- ASSIGNMENT
Below are the records; copy every line in them that holds the string "Horas".

======== MATERIAL SUPPLIED

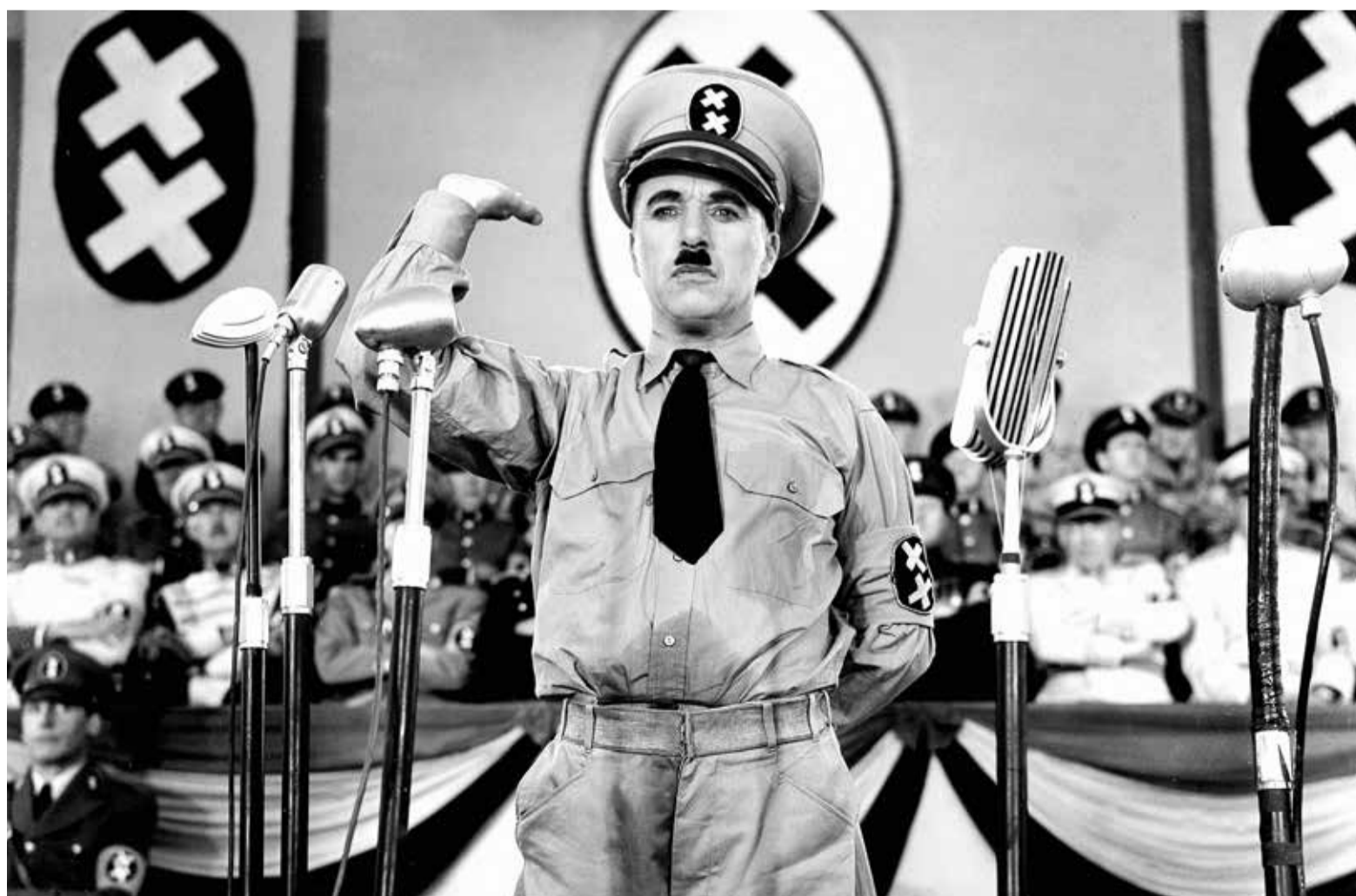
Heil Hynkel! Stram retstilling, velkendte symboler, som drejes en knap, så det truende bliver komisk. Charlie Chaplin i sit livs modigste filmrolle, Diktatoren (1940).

================
======== MATERIAL SUPPLIED

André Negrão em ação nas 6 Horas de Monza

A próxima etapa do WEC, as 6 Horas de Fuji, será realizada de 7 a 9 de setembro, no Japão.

================

- RESULT
André Negrão em ação nas 6 Horas de Monza
A próxima etapa do WEC, as 6 Horas de Fuji, será realizada de 7 a 9 de setembro, no Japão.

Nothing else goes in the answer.